Durante el encuentro, los especialistas coincidieron en que el agua atraviesa todas las actividades económicas y que su gestión ya no puede seguir siendo tratada como un tema aislado.

“Hoy el agua atraviesa todas las actividades económicas. Si la retiramos de cualquier modelo productivo, simplemente deja de funcionar. Por eso, la conversación ya no es solo ambiental, sino económica”, señaló Mariella Sánchez Guerra, directora ejecutiva de Aquafondo.

En esa línea, se planteó la necesidad de priorizar inversiones estratégicas en cabeceras de cuenca y en soluciones basadas en la naturaleza, con un enfoque territorial que permita medir resultados concretos para las comunidades.

El principal obstáculo no es técnico

Uno de los puntos más destacados del conversatorio fue que las soluciones para enfrentar la crisis hídrica ya existen, pero todavía no logran ampliarse al ritmo necesario.

Los especialistas identificaron como principales barreras la falta de coordinación entre instituciones, la escasez de financiamiento sostenido y la débil articulación entre el sector público, privado y la sociedad civil.

“Hoy ya no estamos en un momento de diagnóstico, sino de acción. Existen soluciones probadas, pero todavía hay brechas que impiden implementarlas a la velocidad que la crisis exige”, afirmó Andrea Yáñez, directora del Fondo de Agua Bogotá Región – Agua Somos.

La articulación público-privada es clave

Desde la experiencia internacional, los representantes de la Alianza Latinoamericana de Fondos de Agua coincidieron en que ningún actor puede enfrentar solo este desafío.

Experiencias como la de Quito muestran que es posible desarrollar mecanismos de financiamiento conjunto para conservar las fuentes de agua y garantizar su sostenibilidad en el tiempo.

“El reto es demasiado grande para que lo asuma un solo actor. La única forma de avanzar es articulando esfuerzos entre sector público, privado y comunidades”, señalaron durante el evento.

Arequipa: un caso exitoso de inversión hídrica

En el Perú, uno de los ejemplos más destacados es el trabajo realizado en Arequipa con participación de Sociedad Minera Cerro Verde, donde la inversión sostenida y la planificación de largo plazo han permitido fortalecer la seguridad hídrica regional.

Gracias al fortalecimiento del consejo de cuenca y a la implementación de infraestructura hídrica, la capacidad de almacenamiento de agua en la región aumentó aproximadamente 30 % en las últimas dos décadas, mejorando la disponibilidad del recurso para uso poblacional, productivo y ambiental.

“La seguridad hídrica no se construye en el corto plazo. Requiere planificación, inversión sostenida y una mirada territorial que permita generar beneficios para toda la cuenca”, explicó Pablo Castañeda, superintendente de Asuntos Públicos de Minera Cerro Verde.

Perú enfrenta un problema de gestión

Los expertos coincidieron en que el Perú no enfrenta necesariamente una falta total de agua, sino un problema estructural relacionado con su distribución, el deterioro de infraestructura y la falta de articulación institucional.

Además, advirtieron que en escenarios de escasez la regulación tenderá a priorizar el consumo humano, lo que podría generar nuevas presiones sobre sectores productivos intensivos en el uso del recurso.
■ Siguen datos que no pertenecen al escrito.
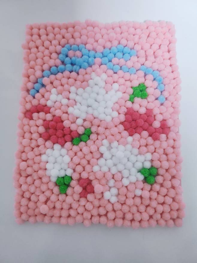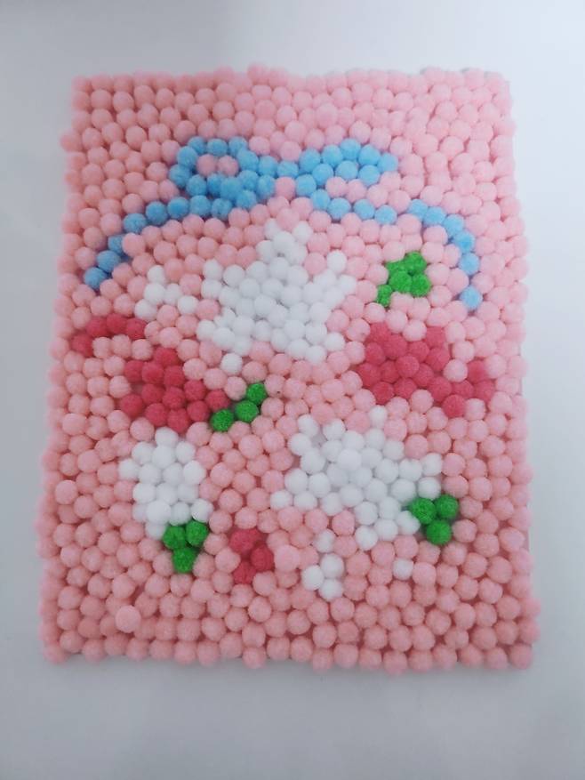 만드는 방법도 생각보다 간단하고 재미있긴 했는데 폼폼이를 붙이지 무슨 그림인지 잘 모르겠더라구요. 그리고 시간이 지나고 이걸 세워두면 폼폼이가 떨어지기 시작해서, 전시하실 목적이라면 OPP봉투에 넣어서 세우시는게 좋을 것 같아요.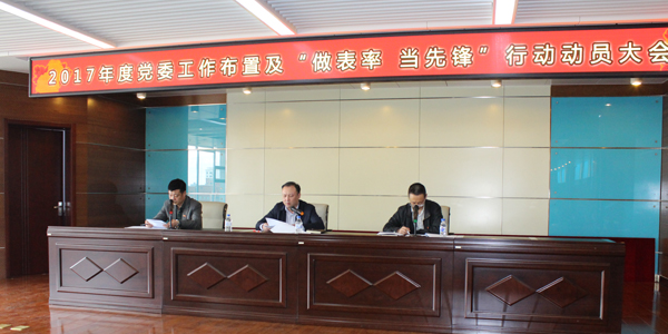 2017年4月26日,我院在8樓會議室召開了2017年度黨委工作布置暨‘做表率、當先鋒’行動動員大會。院黨委副書記金慈云主持會議,院領導班子、全院黨員、部門主管領導參加會議。會議共四項內容:一、黨委書記宋剛宣讀布置我院《2017年度黨委工作計劃》;二、李建國總工宣讀我院《“做表率、當先鋒”行動工作方案》;三、院班子成員向黨員“先鋒示范崗”授牌;四、黨委書記宋剛與院班子及各部門主管領導簽訂《黨風廉政建設一崗雙責責任狀》。會上,黨委書記宋剛對我院2017年黨建工作提出要求,要求各黨支部要深刻認識和理解習近平總書記 “黨建工作永遠在路上”的深刻內涵,黨建工作不能“刮一陣風”,要經常抓,抓經常,常抓不懈,適應黨建工作新常態;各黨支部和各單位要結合工作實際,創造性地開展黨建工作,把實際工作與黨建工作統一起來,兩手抓兩手都要硬,不僅要業務突出,黨建工作也要在行業內立起標桿。

“Estamos en un momento donde no solo necesitamos mejor agua, sino más agua. La presión sobre el recurso es cada vez mayor y eso obliga a replantear cómo gestionamos la oferta y la demanda”, agregó Mariella Sánchez Guerra.

“Todos somos parte del problema y de la solución. La seguridad hídrica no depende de un solo actor, sino de la capacidad de trabajar juntos y sostener ese esfuerzo en el tiempo”, concluyó la directora ejecutiva de Aquafondo.